Does every finite group have a finite cyclic subgroup?
It's not necessary to invoke Cauchy here, because you are not asking for a specific-order cyclic subgroup. It is trivial that if $g \in G$ then $\langle g \rangle \leq G$ (which is the smallest subgroup which contains $g$).
And it's trivial that $\langle g \rangle \leq G$ is cyclic (in fact it contains elements of the form $g^m$ for some $m$.)
Then pick one non identity element of $G$ (it exists because $|G| \geq 2$), then it has order at least 2 (it contains at least $1_G$ and $g$) and so $\langle g \rangle \leq G$ is a cyclic subgroup of order at least 2.
Suppose that $G$ is a finite group of order $n$. Then there exists a prime $p$ with $p\mid n$. According to Cauchy's theorem, $G$ has an element $g$ of order $p$, and hence a cyclic subgroup $H=\langle g \rangle$ of order $p$. Cauchy's theorem can be seen as a partial converse to Lagrange's theorem. There is also a class of groups, so called CLT groups, for which the converse of Lagrange's theorem holds.

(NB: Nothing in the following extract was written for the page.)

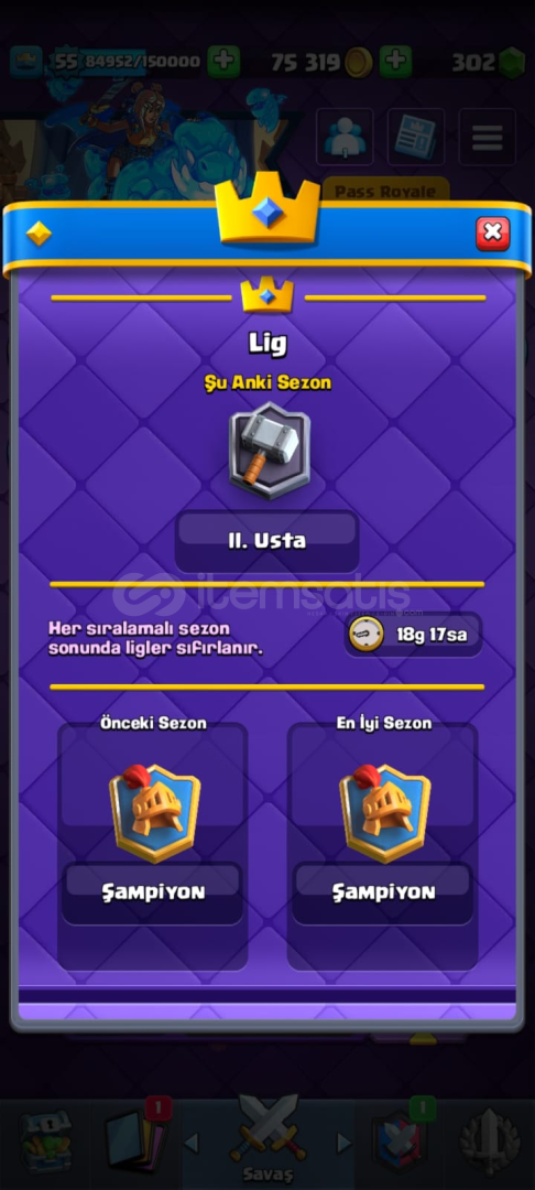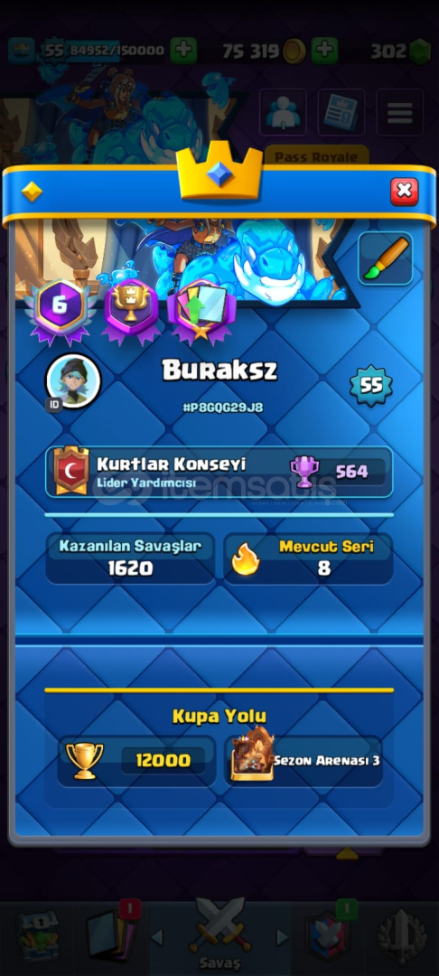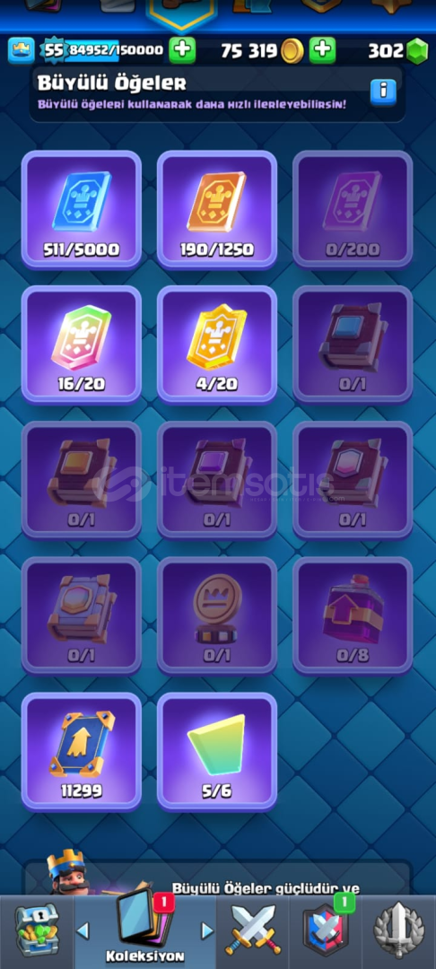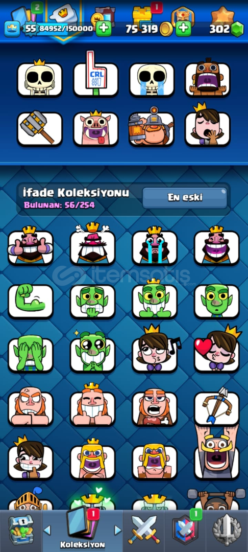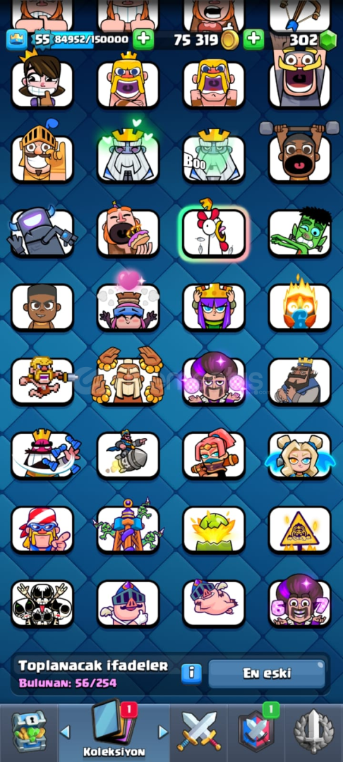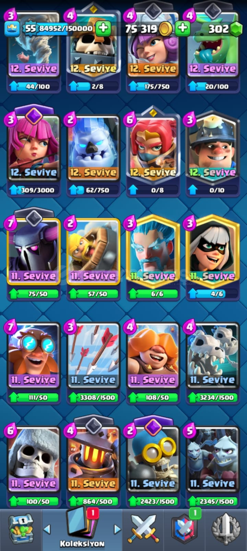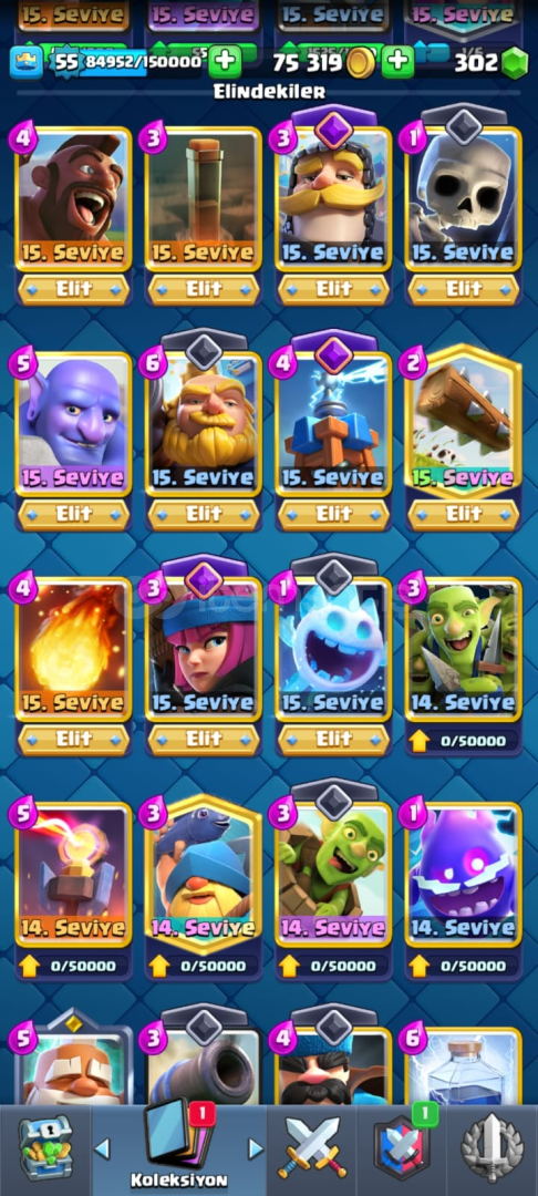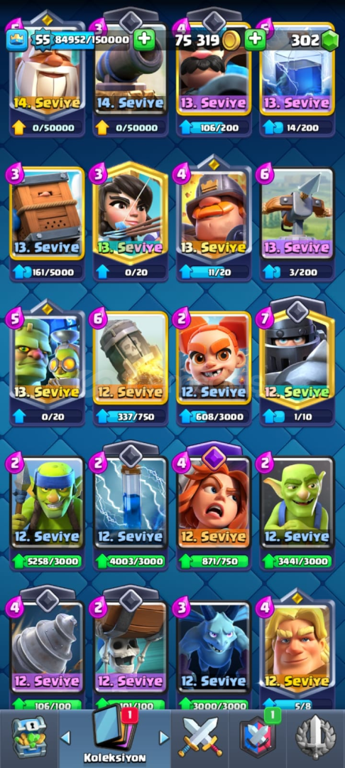 Lig açık,56 emoji,15k kupa 3 kez, 16 efsanevi joker kart,5 evrim parçası, 11 evrim, 15 seviye 11kart, 7 tane 14 seviye kart

A finite group $G$ is a CLT-group if and only if for each positive divisor $d$ of $|G|$ there exists at least one subgroup $H\le G$ with $|H|=d$. It turns out that every CLT-group is solvable, and every supersolvable group is a CLT-group. For example, every finite group $G$ with $(G:Z(G))<12$ is a CLT-group. The result is best possible, because $A_4$ satisfies $(G:Z(G))=12$ and $A_4$ is not a CLT-group (it has no subgroup of order $6$, although $6\mid 12=|A_4|$).